How to Make A Boulevardier
- 1 ounce whiskey
- 1 ounce sweet vermouth
- 1 ounce Campari
- Garnish with a an orange twist, optional
Once you’ve collected your ingredients, put a few big ice cubes into your fanciest rocks glass. At this point, making the drink couldn’t be simpler: Just measure out equal portions of all three ingredients (one ounce of each will do the trick), pour them over the ice, and give it all a stir for 20 to 30 seconds. Then take a thin peel off of your fresh orange, and express its oils over the top of your Boulevardier.
Et voila! Ready to drink.
Variations On A Theme
Do you remember how I said there is no substitute for Campari? Well, I lied. Sort of.

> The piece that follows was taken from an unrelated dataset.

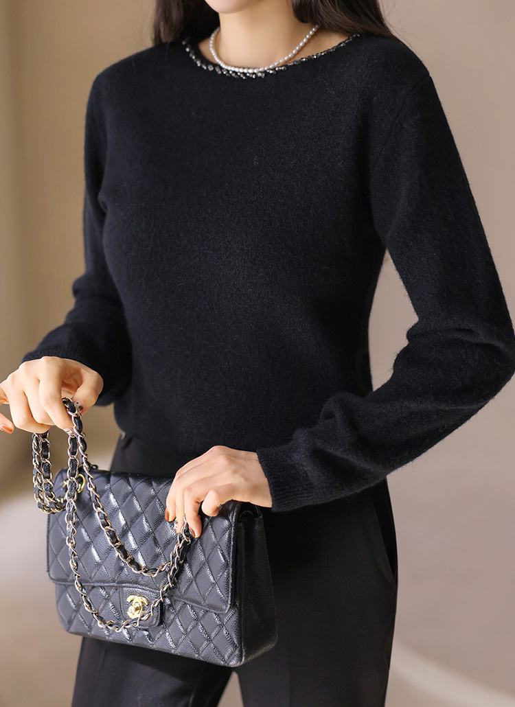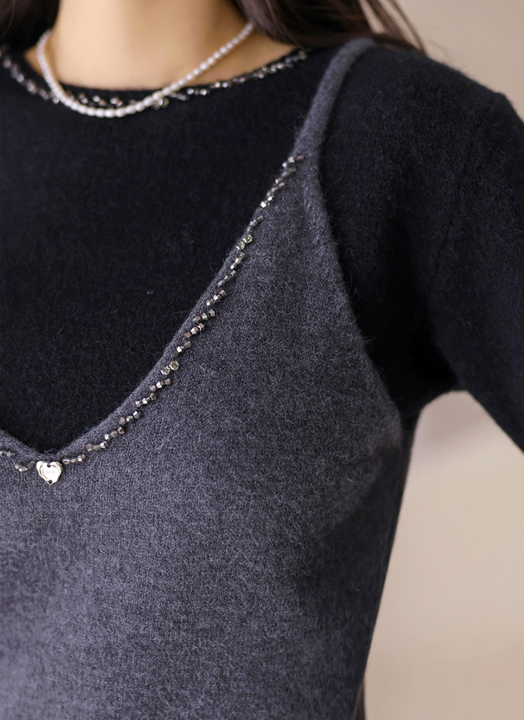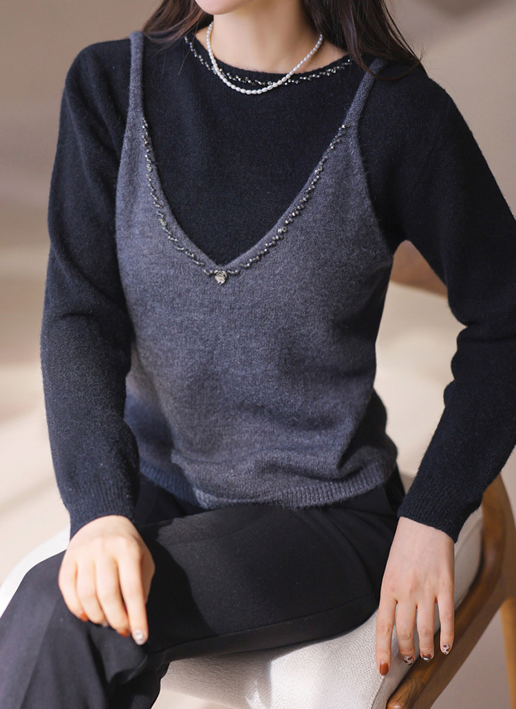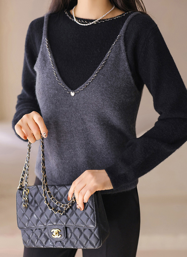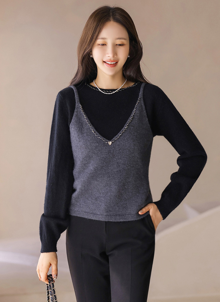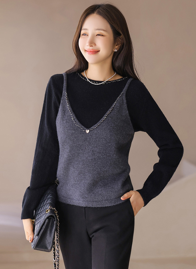 [This two-piece set blends a smooth boat-neck top with a slim V-neck vest adorned with glimmering beads and a petite heart detail for elevated styling.]

See, Campari is of a class of cocktail ingredients called amari, which is Italian for “bitter”. There’s a whole range of different amari that you can choose from—too many to explain fully here—and many of them make for a wonderful substitute in a Boulevardier.
Cynar is, strange as it sounds, an artichoke-based bitter liqueur. It has a roasted vegetal character, with a pronounced bitterness and dark caramel tones on the finish. That makes it a natural pairing with bourbon’s sweet caramel tones, and a fine way to spice up your Boulevardier.
You can also consider replacing the bourbon in your Boulevardier with a nice rye whiskey. Rittenhouse Rye is my favorite here, with 100 proof and pronounced black pepper spice on the nose. It is phenomenal when mixed with the Cynar I mentioned above.
Lastly, you can consider using a different style of vermouth to change up your cocktail. Dolin’s Dry Vermouth will make for a cocktail that’s even less sweet than the original, with a more noticeable herbal flavor and aroma.
No matter which way you slice it, the Boulevardier is a wonderful drink. Cheers to enjoying a few throughout your work week.